Зачем человеку старость, если он валится в её морщинистые руки безвольным мешком, не приобретя за жизнь ни мудрости, ни веры в Бога? Даже его склизкое, без форм и костей «я» не удержится бок о бок с ним на смертном одре. Без света и спутника отправится он по неведомым коридорам туда, где не знающие жалости Ваятели замесят из его праха новый зародыш и вложат его в жидкую колыбель очередного материнского лона, чтобы однажды он снова появился посреди людей и, согласно незыблемым законам, ещё раз прошёл человеческий путь, постигая упущенное.

Послесловие означало приближение Тишины, и это пугало, потому что, ничего не поняв, он оставлял жизнь и погружался в Беззвучие, не зная, какие вопросы следует задавать.

Месяца за два до того, как тело его превратилось в вялую, почти бескровную куклу, он неожиданно ощутил соприкосновение своего рассудка с невидимой тканью (поэт, вероятно, назвал бы подобное состояние благословенным величием мира). Чьё–то дыхание щедро отогрело его память, и он увидел свою пёструю жизнь, словно это было гигантское свеженаписанное полотно, ещё отблёскивающее маслом на свету и густо пахнущее. Он вцепился в авторучку и принялся торопливо пересказывать увиденное. Строчки текли одна за другой. Он вспоминал и пересматривал по много раз ушедшие дни, но память не наполняла сердце пониманием. Радость, слёзы умиления и боль ложились на желтоватую бумагу; от осознания же (волшебно–спасительного) не было и следа. И мелодия жизни услышанная, но не поддержанная, улетучилась.

ГЛАВА ВТОРАЯ

Я родился давно. Говорят, мой первый крик раздался в обеденное время и был похож на кашель поперхнувшегося ребёнка. Сам я не помню. По крайней мере, время моего появления на свет не сделало меня большим любителем обильного обеда. Хотя временами меня охватывал самый настоящий жор, который можно встретить разве что в гротескном фильме. Тогда обильная слюна выделялась у меня при виде жирных капель на коричневой (где временами попадались волосики среди набухших пупырышков) корочке запечённого в духовке гуся или при виде растёкшейся кремовой лавы на пористых ломтях сочного бисквита.

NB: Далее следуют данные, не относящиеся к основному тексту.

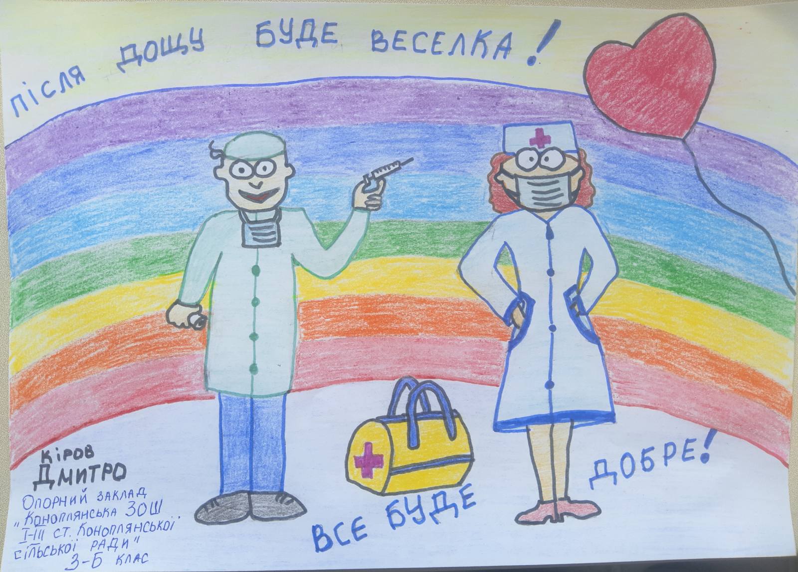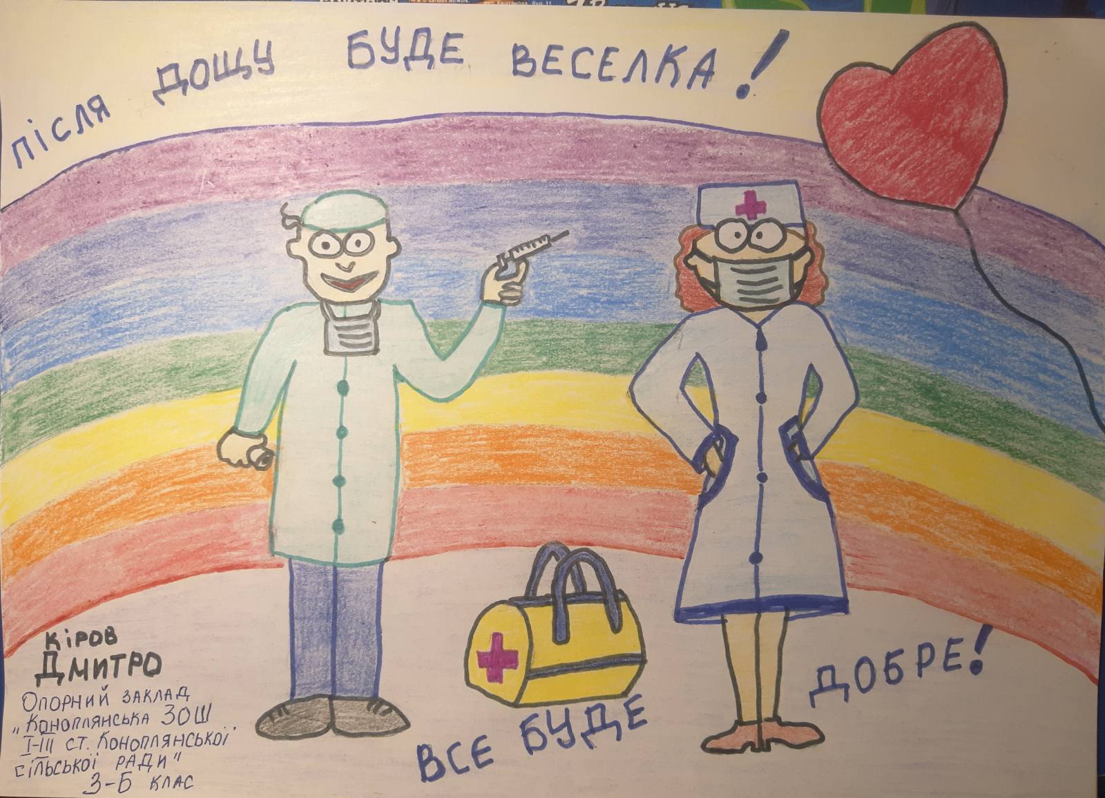 Мы все стараемся им помочь, чем можем. Взрослые снабжают больницы необходимым оборудованием и средствами защиты, а дети — подбадривают медиков своими рисунками. При поддержке департамента образования области, мы собрали десятки прекрасных искренних картинок, которыми школьники Одессы и области благодарят наших героев в масках за их работу. Рисовали дети дома, и нам передали фотографии. Мы их обязательно вышлем всем нашим медикам!

День моего рождения пришёлся на зимнюю погоду, но и это не запомнилось. В моей размытой новорождённой памяти осталась непередаваемая тяжесть, граничащая с удушьем, которая навалилась и придавила меня, не осознавшего ещё собственные размеры и силу. Я наполнился ужасом, нестерпимым страхом перед действительностью, и страх такой возникал без всякого предупреждения от случая к случаю на протяжении всей жизни. Он убивал меня, и меня удивляет, что он не покончил со мной сразу.

Затем в памяти отпечаталось позорное ощущение мокрых штанов.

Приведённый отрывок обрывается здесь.